Try it →
The expected output is the data below, restated word for word.

Information provided →
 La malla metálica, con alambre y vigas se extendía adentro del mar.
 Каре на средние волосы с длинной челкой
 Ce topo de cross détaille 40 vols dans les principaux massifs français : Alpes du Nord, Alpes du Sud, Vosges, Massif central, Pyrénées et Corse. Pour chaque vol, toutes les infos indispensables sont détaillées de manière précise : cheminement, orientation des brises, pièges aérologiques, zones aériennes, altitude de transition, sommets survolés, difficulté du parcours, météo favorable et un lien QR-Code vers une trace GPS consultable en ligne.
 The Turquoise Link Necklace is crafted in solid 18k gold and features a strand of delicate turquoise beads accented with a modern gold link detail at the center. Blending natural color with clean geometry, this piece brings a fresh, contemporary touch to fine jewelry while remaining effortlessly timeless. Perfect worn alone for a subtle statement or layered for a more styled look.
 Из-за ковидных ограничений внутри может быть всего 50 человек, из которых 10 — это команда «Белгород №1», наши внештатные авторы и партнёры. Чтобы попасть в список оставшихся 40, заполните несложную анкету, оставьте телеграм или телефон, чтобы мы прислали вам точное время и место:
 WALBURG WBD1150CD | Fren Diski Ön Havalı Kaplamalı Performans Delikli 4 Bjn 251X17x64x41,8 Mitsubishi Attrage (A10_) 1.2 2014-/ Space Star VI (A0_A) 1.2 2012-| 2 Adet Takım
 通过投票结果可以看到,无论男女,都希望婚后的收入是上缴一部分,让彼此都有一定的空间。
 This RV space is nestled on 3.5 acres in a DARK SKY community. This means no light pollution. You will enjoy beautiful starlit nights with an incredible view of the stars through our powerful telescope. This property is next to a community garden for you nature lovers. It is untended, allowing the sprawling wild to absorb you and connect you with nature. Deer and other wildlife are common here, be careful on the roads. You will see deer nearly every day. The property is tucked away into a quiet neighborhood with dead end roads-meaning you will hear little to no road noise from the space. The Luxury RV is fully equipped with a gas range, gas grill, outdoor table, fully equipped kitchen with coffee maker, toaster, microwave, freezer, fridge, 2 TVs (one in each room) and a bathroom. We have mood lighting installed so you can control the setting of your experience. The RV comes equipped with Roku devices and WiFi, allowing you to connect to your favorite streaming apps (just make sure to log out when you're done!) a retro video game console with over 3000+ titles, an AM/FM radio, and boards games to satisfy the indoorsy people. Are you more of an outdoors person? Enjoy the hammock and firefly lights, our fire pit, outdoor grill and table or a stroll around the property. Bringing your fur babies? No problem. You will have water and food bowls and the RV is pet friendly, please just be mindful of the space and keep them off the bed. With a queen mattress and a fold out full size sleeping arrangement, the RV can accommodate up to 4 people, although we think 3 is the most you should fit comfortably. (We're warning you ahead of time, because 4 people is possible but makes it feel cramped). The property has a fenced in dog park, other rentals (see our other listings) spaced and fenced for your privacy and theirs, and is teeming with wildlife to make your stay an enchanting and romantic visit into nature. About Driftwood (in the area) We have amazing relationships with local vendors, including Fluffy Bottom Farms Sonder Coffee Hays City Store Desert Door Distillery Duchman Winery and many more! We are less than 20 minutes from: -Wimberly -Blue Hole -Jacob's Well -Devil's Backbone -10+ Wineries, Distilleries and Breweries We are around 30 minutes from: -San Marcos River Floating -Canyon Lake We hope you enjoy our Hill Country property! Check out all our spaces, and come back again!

Response →
 La malla metálica, con alambre y vigas se extendía adentro del mar.
 Каре на средние волосы с длинной челкой
 Ce topo de cross détaille 40 vols dans les principaux massifs français : Alpes du Nord, Alpes du Sud, Vosges, Massif central, Pyrénées et Corse. Pour chaque vol, toutes les infos indispensables sont détaillées de manière précise : cheminement, orientation des brises, pièges aérologiques, zones aériennes, altitude de transition, sommets survolés, difficulté du parcours, météo favorable et un lien QR-Code vers une trace GPS consultable en ligne.
 The Turquoise Link Necklace is crafted in solid 18k gold and features a strand of delicate turquoise beads accented with a modern gold link detail at the center. Blending natural color with clean geometry, this piece brings a fresh, contemporary touch to fine jewelry while remaining effortlessly timeless. Perfect worn alone for a subtle statement or layered for a more styled look.
 Из-за ковидных ограничений внутри может быть всего 50 человек, из которых 10 — это команда «Белгород №1», наши внештатные авторы и партнёры. Чтобы попасть в список оставшихся 40, заполните несложную анкету, оставьте телеграм или телефон, чтобы мы прислали вам точное время и место:
 WALBURG WBD1150CD | Fren Diski Ön Havalı Kaplamalı Performans Delikli 4 Bjn 251X17x64x41,8 Mitsubishi Attrage (A10_) 1.2 2014-/ Space Star VI (A0_A) 1.2 2012-| 2 Adet Takım
 通过投票结果可以看到,无论男女,都希望婚后的收入是上缴一部分,让彼此都有一定的空间。
 This RV space is nestled on 3.5 acres in a DARK SKY community. This means no light pollution. You will enjoy beautiful starlit nights with an incredible view of the stars through our powerful telescope. This property is next to a community garden for you nature lovers. It is untended, allowing the sprawling wild to absorb you and connect you with nature. Deer and other wildlife are common here, be careful on the roads. You will see deer nearly every day. The property is tucked away into a quiet neighborhood with dead end roads-meaning you will hear little to no road noise from the space. The Luxury RV is fully equipped with a gas range, gas grill, outdoor table, fully equipped kitchen with coffee maker, toaster, microwave, freezer, fridge, 2 TVs (one in each room) and a bathroom. We have mood lighting installed so you can control the setting of your experience. The RV comes equipped with Roku devices and WiFi, allowing you to connect to your favorite streaming apps (just make sure to log out when you're done!) a retro video game console with over 3000+ titles, an AM/FM radio, and boards games to satisfy the indoorsy people. Are you more of an outdoors person? Enjoy the hammock and firefly lights, our fire pit, outdoor grill and table or a stroll around the property. Bringing your fur babies? No problem. You will have water and food bowls and the RV is pet friendly, please just be mindful of the space and keep them off the bed. With a queen mattress and a fold out full size sleeping arrangement, the RV can accommodate up to 4 people, although we think 3 is the most you should fit comfortably. (We're warning you ahead of time, because 4 people is possible but makes it feel cramped). The property has a fenced in dog park, other rentals (see our other listings) spaced and fenced for your privacy and theirs, and is teeming with wildlife to make your stay an enchanting and romantic visit into nature. About Driftwood (in the area) We have amazing relationships with local vendors, including Fluffy Bottom Farms Sonder Coffee Hays City Store Desert Door Distillery Duchman Winery and many more! We are less than 20 minutes from: -Wimberly -Blue Hole -Jacob's Well -Devil's Backbone -10+ Wineries, Distilleries and Breweries We are around 30 minutes from: -San Marcos River Floating -Canyon Lake We hope you enjoy our Hill Country property! Check out all our spaces, and come back again!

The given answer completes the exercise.